=== Work instructions ===
Begin at the line below that holds "Un projet important" and end at the line that holds "具体而言,估值师选出了7家可", transcribing each line exactly and skipping any picture.

=== Data provided ===
• • •
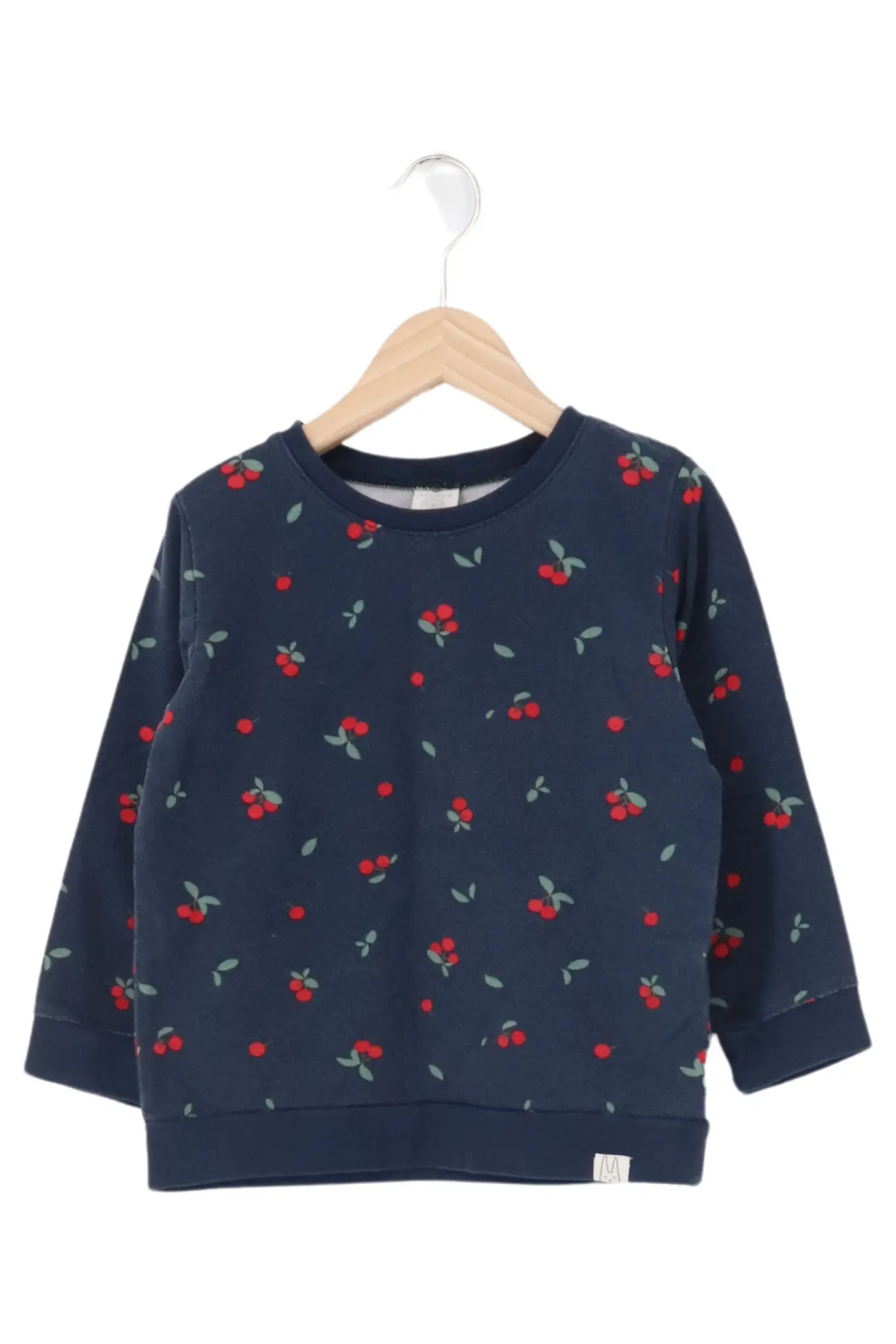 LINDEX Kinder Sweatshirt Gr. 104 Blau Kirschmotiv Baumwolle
• • •
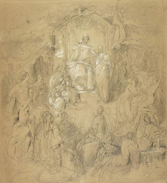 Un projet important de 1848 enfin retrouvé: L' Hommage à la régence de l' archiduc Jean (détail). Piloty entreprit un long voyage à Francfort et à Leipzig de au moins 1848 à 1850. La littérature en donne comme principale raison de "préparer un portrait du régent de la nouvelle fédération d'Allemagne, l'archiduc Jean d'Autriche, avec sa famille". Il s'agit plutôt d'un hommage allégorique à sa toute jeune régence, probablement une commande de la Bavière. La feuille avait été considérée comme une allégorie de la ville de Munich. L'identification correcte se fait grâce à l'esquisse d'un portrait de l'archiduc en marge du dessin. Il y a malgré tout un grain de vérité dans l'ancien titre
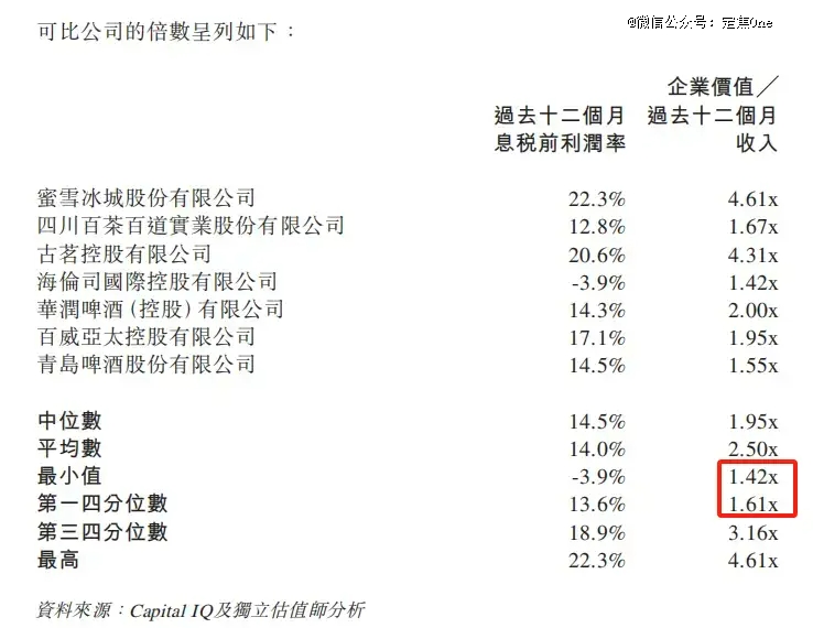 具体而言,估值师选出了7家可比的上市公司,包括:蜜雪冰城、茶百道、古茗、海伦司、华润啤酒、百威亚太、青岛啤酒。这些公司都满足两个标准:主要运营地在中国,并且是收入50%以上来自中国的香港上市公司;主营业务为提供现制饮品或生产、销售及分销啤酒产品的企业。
• • •
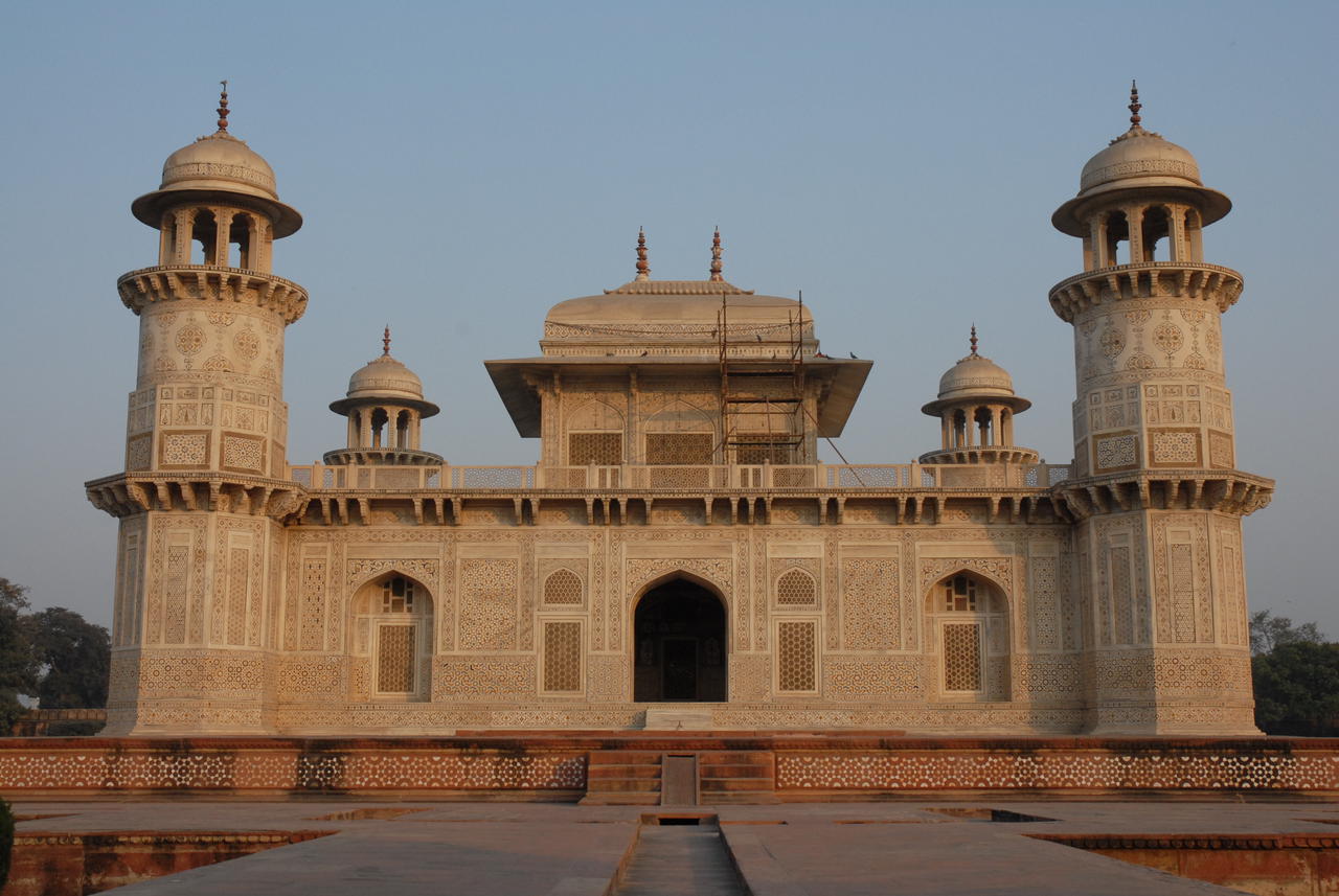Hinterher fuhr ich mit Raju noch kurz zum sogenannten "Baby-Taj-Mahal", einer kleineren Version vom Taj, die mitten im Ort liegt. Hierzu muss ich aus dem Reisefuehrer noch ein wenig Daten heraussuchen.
• • •
=== Response ===
 Un projet important de 1848 enfin retrouvé: L' Hommage à la régence de l' archiduc Jean (détail). Piloty entreprit un long voyage à Francfort et à Leipzig de au moins 1848 à 1850. La littérature en donne comme principale raison de "préparer un portrait du régent de la nouvelle fédération d'Allemagne, l'archiduc Jean d'Autriche, avec sa famille". Il s'agit plutôt d'un hommage allégorique à sa toute jeune régence, probablement une commande de la Bavière. La feuille avait été considérée comme une allégorie de la ville de Munich. L'identification correcte se fait grâce à l'esquisse d'un portrait de l'archiduc en marge du dessin. Il y a malgré tout un grain de vérité dans l'ancien titre
 具体而言,估值师选出了7家可比的上市公司,包括:蜜雪冰城、茶百道、古茗、海伦司、华润啤酒、百威亚太、青岛啤酒。这些公司都满足两个标准:主要运营地在中国,并且是收入50%以上来自中国的香港上市公司;主营业务为提供现制饮品或生产、销售及分销啤酒产品的企业。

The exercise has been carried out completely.